I have to thank the wonderful SecretHandshake for this gem – and I just have to share it with you!

THE PLUM CAKE INCIDENT

Most of us were touched by this little anecdote about Collingwood’s first days at sea:

“(…) His first biographer, and son-in-law, G. L. Newnham-Collingwood, told an old family story of Collingwood’s first days after he joined Shannon. One of the lieutenants found him crying from homesickness. Although lieutenants were duty-bound to toughen up their recruits, this man comforted Collingwood, and in return was taken to his sea chest and given a large piece of plum cake. It is possible that this lieutenant was William Smith, who until 1758 had been gunner in the Alcide before being promoted into Shannon. (…)”Max Adams: Admiral Collingwood, Nelson’s Own Hero

However, in the latest Collingwood-biography, “In the Shadow of Nelson: The Life of Admiral Lord Collingwood” by Denis Orde, the author emphasises that

“(…) Significantly, in Collingwood’s account there is no mention of sobbing for home and family in those first days on board ship or of sharing a plum cake which his mother had packed in his sea chest with a kindly lieutenant who had taken pity on him, as his son-in-law, the barrister Newnham who adopted the name Collingwood, afterwards claimed had been the case. (…)”

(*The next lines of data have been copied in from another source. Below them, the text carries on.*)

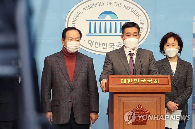 (서울=연합뉴스) 진성철 기자 = 국회 국방위원회 소속 국민의힘 신원식, 한기호 의원 등이 13일 국회 소통관에서 대북 안보·국방 정책의 근본적인 전환을 촉구하고 있다. 2021.1.13
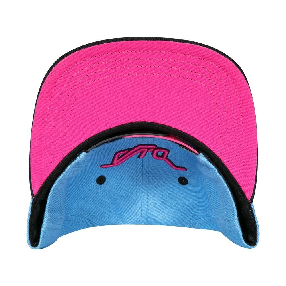 Officially licensed by Overwatch; designed and created by J!NXBlue cap with contrasting black and pink brimD.Va bunny embroidered on front, patches on both sides, and D.Va logo embroidered on back100% polyester twill constructionAdjustable snapback fit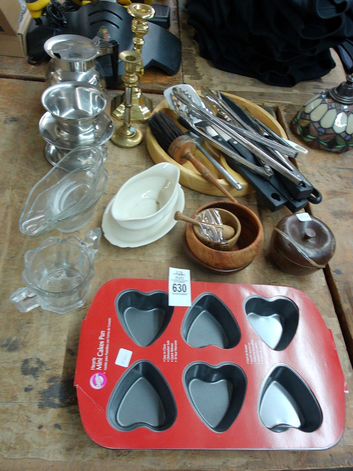 Cake Pan, Utensils, Brass Candlesticks, Motor Pedestal, Dinnerware

This quote and its slightly dismissive tone is significant for that biography. Orde writes for his peers (which is noble, but they have already heard of Collingwood, I suppose), and while there are some interesting bits and pieces, a more appropriately title might have been “People who had something to do with Collingwood”. Adams managed to get people interested in Collingwood, the human being – Orde honours the officer. Adams makes us feel with Collingwood, his style is helpful for those who are new to the subject: educational, yet also entertaining. Orde unfortunately lacks that talent.

Now, before those of my readers who are involved with the navy man the cannons: Denis Orde’s book isn’t bad. If you have spare money, buy it, but the writing is stiff, at times pompous and will very likely not get more people interested in Collingwood’s life, personality and achievements. And I feel it’s more important to carry the memory of Collingwood the man through the next generations than to keep him as some precious artifact within a elitist circle.

Actually, I wish there was a children book about Collingwood, as they come for Cook or Nelson.
Actually, somebody better write it soon, or I’ll do it.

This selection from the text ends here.